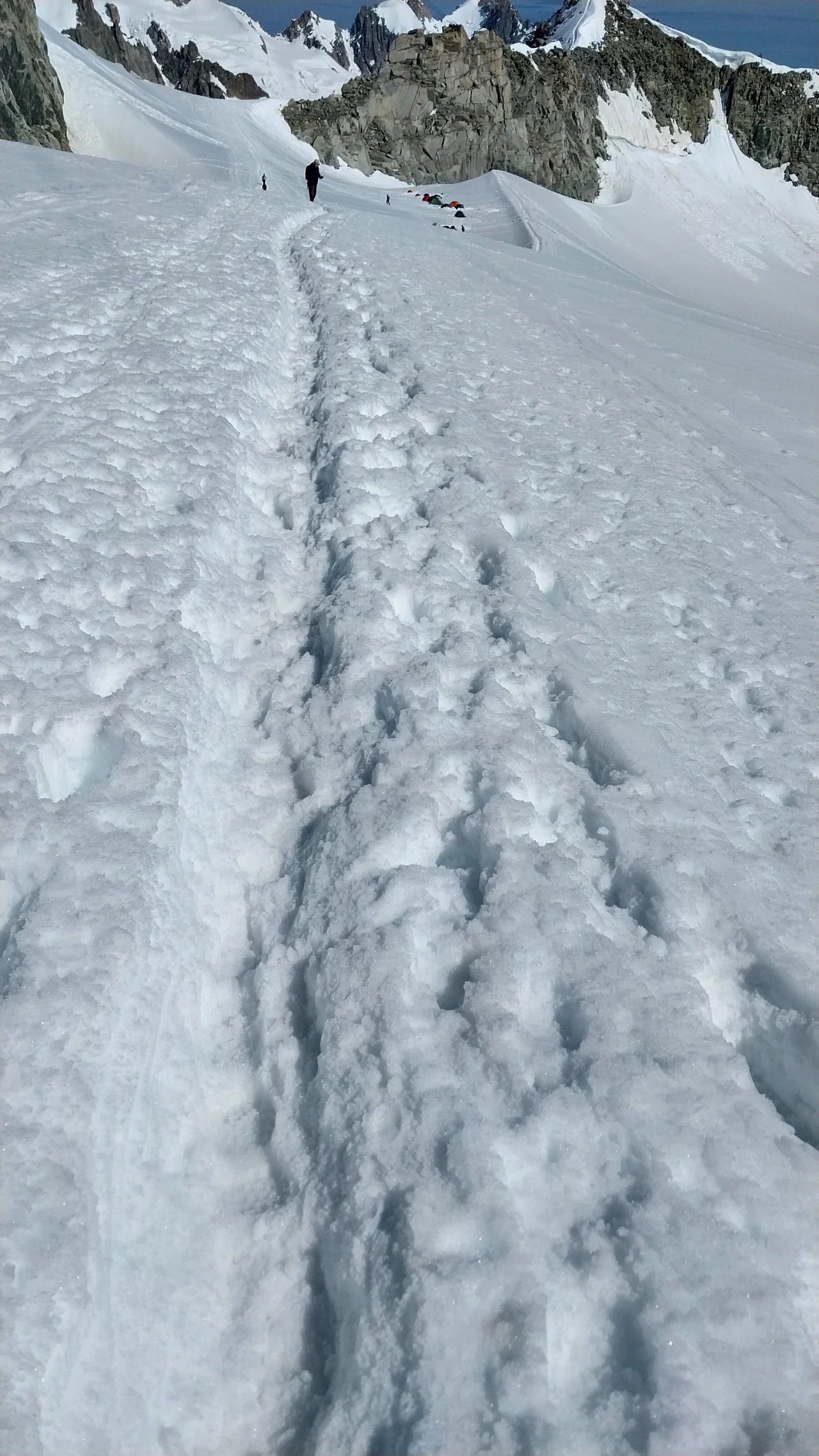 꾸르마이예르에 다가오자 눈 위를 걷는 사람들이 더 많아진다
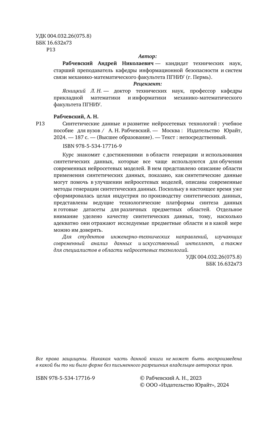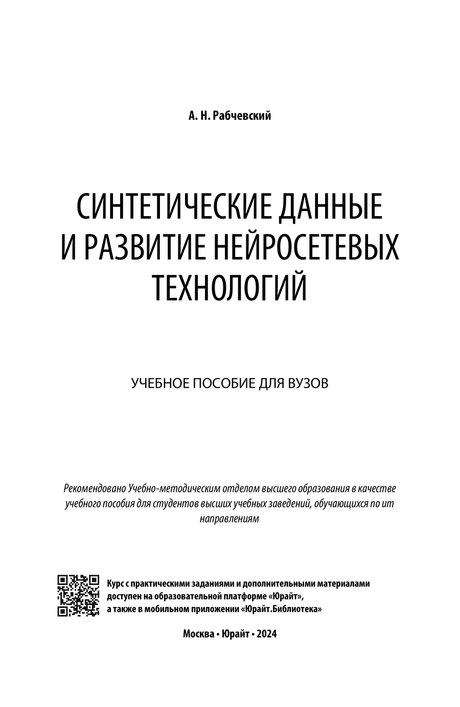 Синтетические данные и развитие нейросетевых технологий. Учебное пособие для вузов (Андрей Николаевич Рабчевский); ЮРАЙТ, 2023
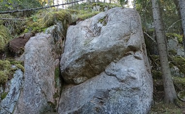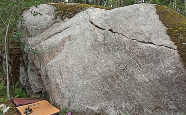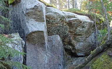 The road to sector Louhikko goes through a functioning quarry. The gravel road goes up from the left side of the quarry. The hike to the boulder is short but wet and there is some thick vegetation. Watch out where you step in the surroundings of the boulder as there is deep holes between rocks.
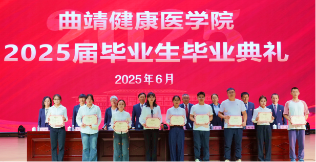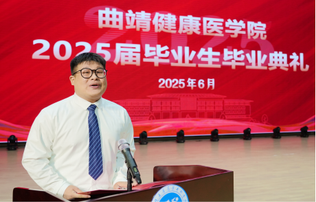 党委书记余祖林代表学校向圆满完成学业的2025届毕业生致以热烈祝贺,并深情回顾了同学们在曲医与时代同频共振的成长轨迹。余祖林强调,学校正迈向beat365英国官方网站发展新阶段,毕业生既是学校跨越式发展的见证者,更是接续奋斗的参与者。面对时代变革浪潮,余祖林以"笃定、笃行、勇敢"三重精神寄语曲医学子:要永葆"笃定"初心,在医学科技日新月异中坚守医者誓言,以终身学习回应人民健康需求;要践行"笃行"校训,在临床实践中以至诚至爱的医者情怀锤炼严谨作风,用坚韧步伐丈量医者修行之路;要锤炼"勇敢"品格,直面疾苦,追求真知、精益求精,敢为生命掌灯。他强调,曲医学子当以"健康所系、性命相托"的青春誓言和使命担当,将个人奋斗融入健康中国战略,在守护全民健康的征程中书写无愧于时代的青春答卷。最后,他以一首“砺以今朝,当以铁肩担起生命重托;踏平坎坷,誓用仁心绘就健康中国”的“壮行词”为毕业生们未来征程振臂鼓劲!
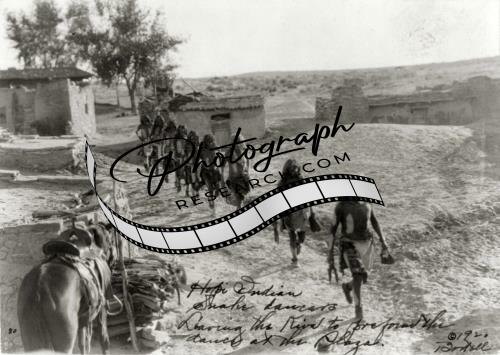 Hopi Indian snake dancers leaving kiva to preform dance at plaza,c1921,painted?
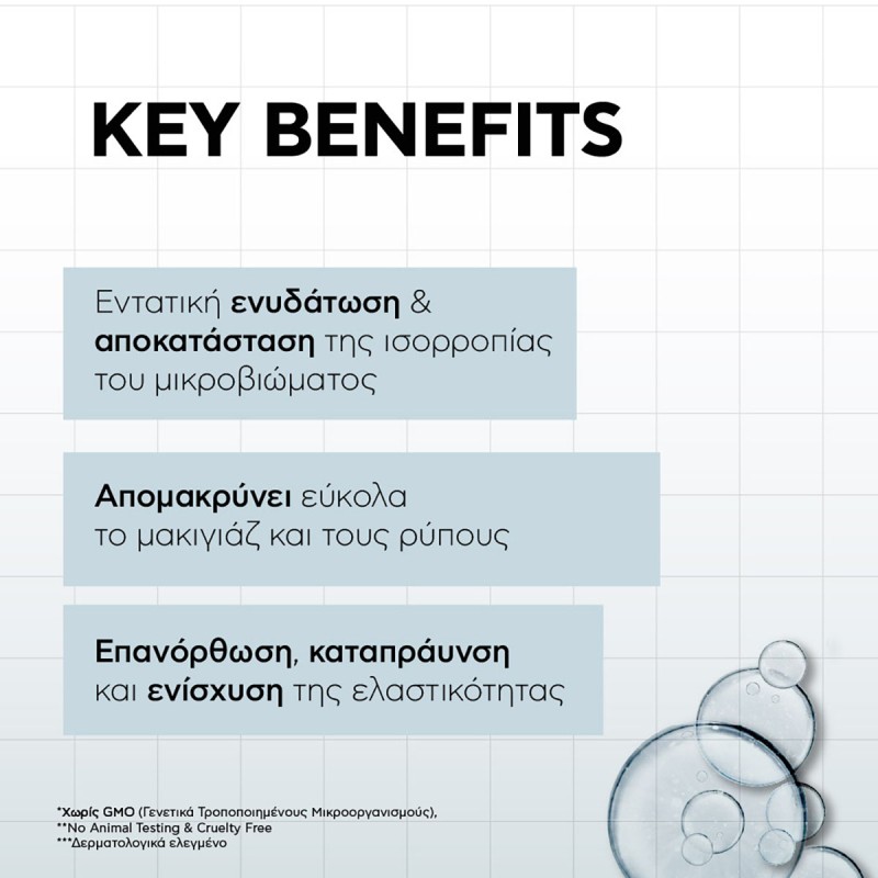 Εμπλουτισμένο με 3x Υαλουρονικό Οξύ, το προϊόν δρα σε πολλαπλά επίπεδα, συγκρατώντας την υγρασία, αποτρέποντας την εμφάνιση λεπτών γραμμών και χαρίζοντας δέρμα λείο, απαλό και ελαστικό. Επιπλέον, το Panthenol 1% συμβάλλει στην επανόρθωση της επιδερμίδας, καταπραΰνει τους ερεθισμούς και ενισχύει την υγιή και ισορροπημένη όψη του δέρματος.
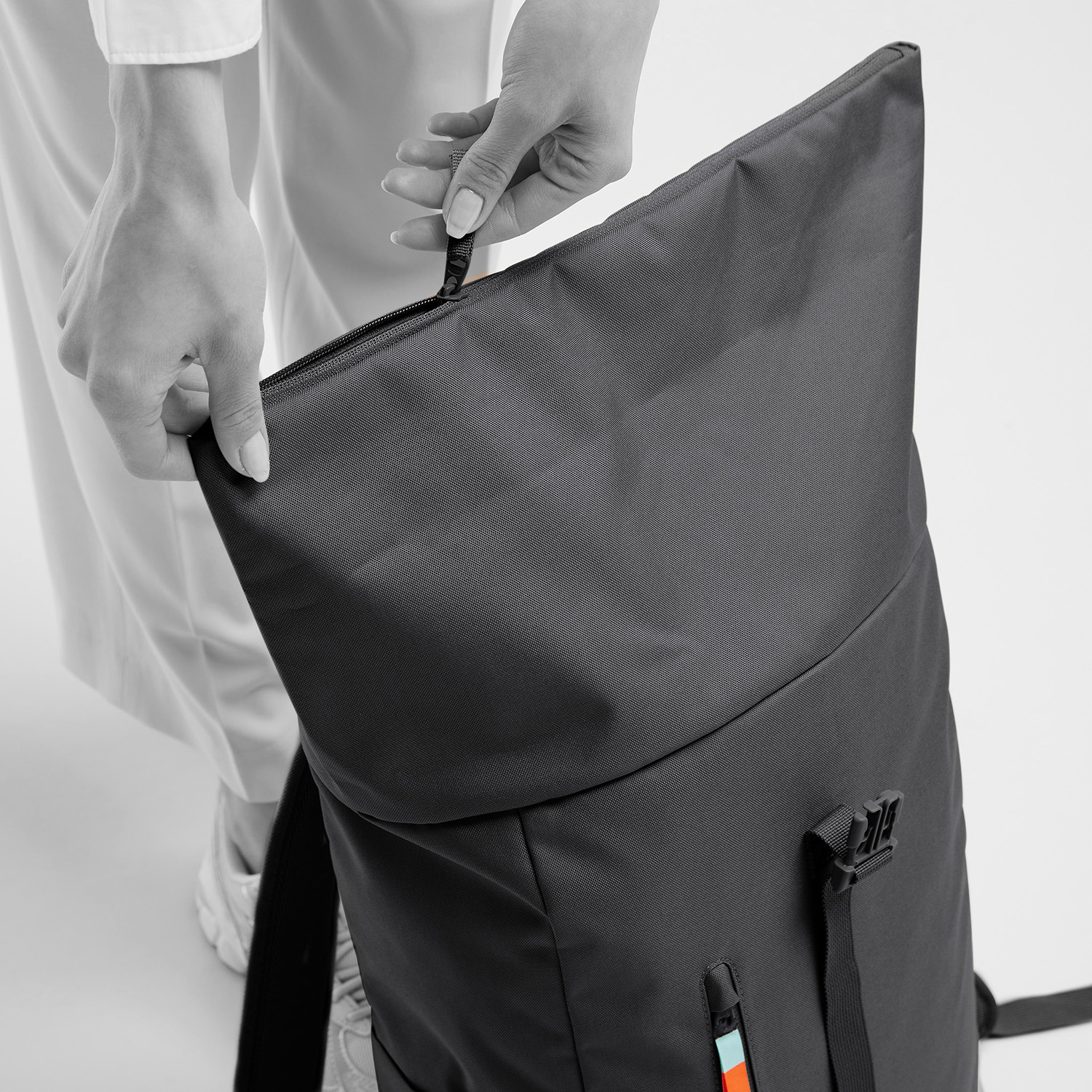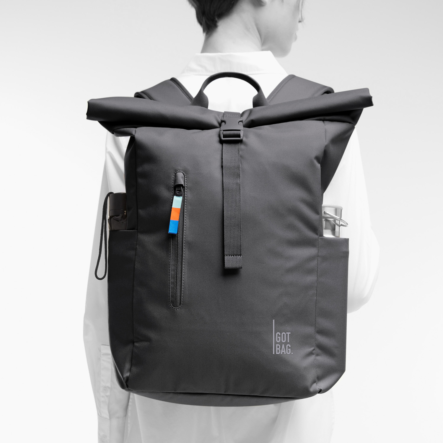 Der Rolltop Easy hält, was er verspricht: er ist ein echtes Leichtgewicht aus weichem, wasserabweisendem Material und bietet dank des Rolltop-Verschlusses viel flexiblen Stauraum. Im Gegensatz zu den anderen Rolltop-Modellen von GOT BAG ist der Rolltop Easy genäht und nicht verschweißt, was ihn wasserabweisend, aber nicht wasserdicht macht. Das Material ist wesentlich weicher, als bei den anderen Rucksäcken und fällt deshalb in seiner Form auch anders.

────────────────────────────────────────

▶ Problem description
When copying from the data above, begin at the line containing "Синтетические данные и" and end at the line containing "The road to"; return those lines exactly and leave all pictures behind.

▶ Your response
 Синтетические данные и развитие нейросетевых технологий. Учебное пособие для вузов (Андрей Николаевич Рабчевский); ЮРАЙТ, 2023
 The road to sector Louhikko goes through a functioning quarry. The gravel road goes up from the left side of the quarry. The hike to the boulder is short but wet and there is some thick vegetation. Watch out where you step in the surroundings of the boulder as there is deep holes between rocks.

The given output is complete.